Trump plan to deport 700 Guatemalan kids sparks backlash over child welfare concerns.

The Trump administration’s plan to deport nearly 700 unaccompanied Guatemalan children from U.S. custody has ignited fierce criticism, with Senator Ron Wyden (D-Ore.) condemning the move as a breach of the Office of Refugee Resettlement’s (ORR) child welfare mandate. In a letter sent Friday to ORR Acting Director Angie Salazar, Wyden demanded the immediate termination of the deportation plans, warning that they threaten to thrust vulnerable children back into dangerous conditions.

“Unaccompanied children are some of the most vulnerable entrusted to the government’s care,” Wyden wrote, citing whistleblower accounts that children without a parent or legal guardian sponsor, or those without active asylum cases, face forcible removal. “This move threatens to separate children from their families, lawyers, and support systems, to thrust them back into the very conditions they are seeking refuge from,” he added, emphasizing the trauma many have endured fleeing to the U.S.
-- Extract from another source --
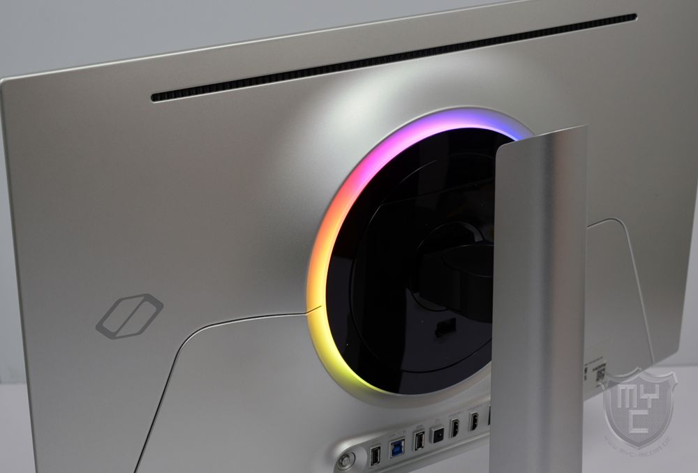 Die Gehäuserückseite wurde passend zum Design der Gehäusefront auf den ersten Blick sehr dezent ausgeführt. Samsung setzt an dieser Stelle auf ein leicht gewölbtes Aluminiumgehäuse, welches mittig mit einem kreisrunden Designelement ausgestattet wurde. Innerhalb des leicht transluzenten und mit einer ARGB-Beleuchtung ausgestatteten Kunststoffelementes wurden neben Gewinden zur Montage einer Vesa 100 x 100 Halterung auch Aufnahmepunkte für den Standfuß eingearbeitet.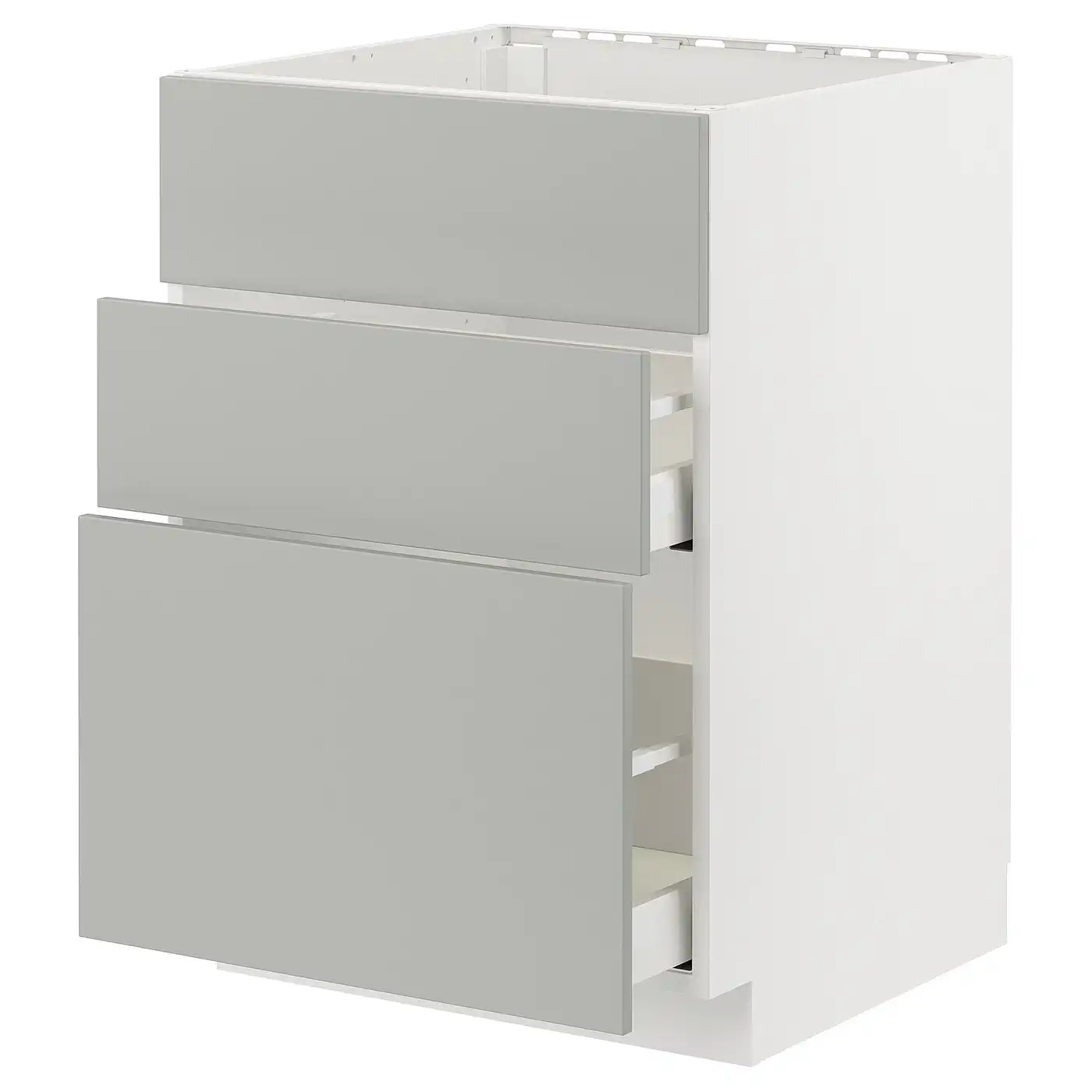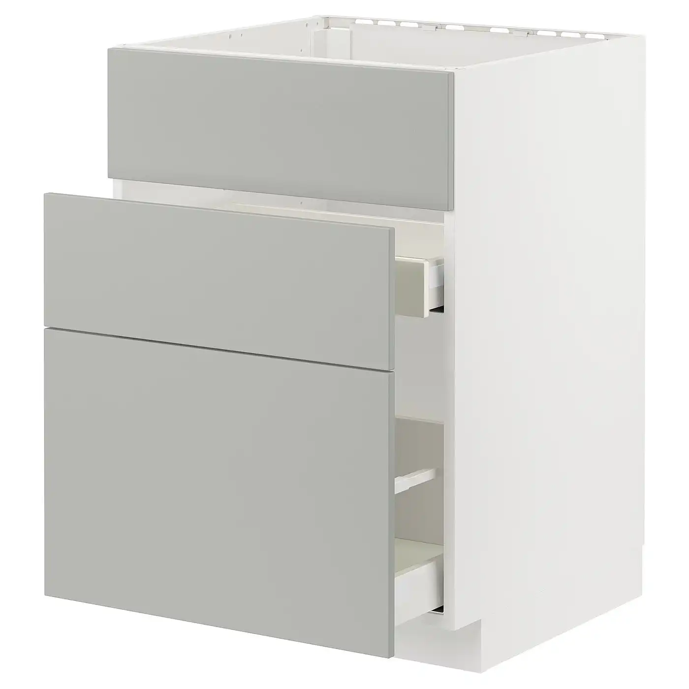 METOD / MAXIMERA Base cab f sink+3 fronts/2 drawers - white/Havstorp light grey 60x60 cm

The plan, first reported by CNN, targets over 600 Guatemalan children in the custody of the Department of Health and Human Services (HHS), which oversees unaccompanied minors until they can be released to sponsors, typically family members. The initiative, described as a pilot program with Guatemala’s government, aligns with broader Trump administration efforts to ramp up deportations, including immigration crackdowns in cities like Chicago and the termination of protections for legal residents.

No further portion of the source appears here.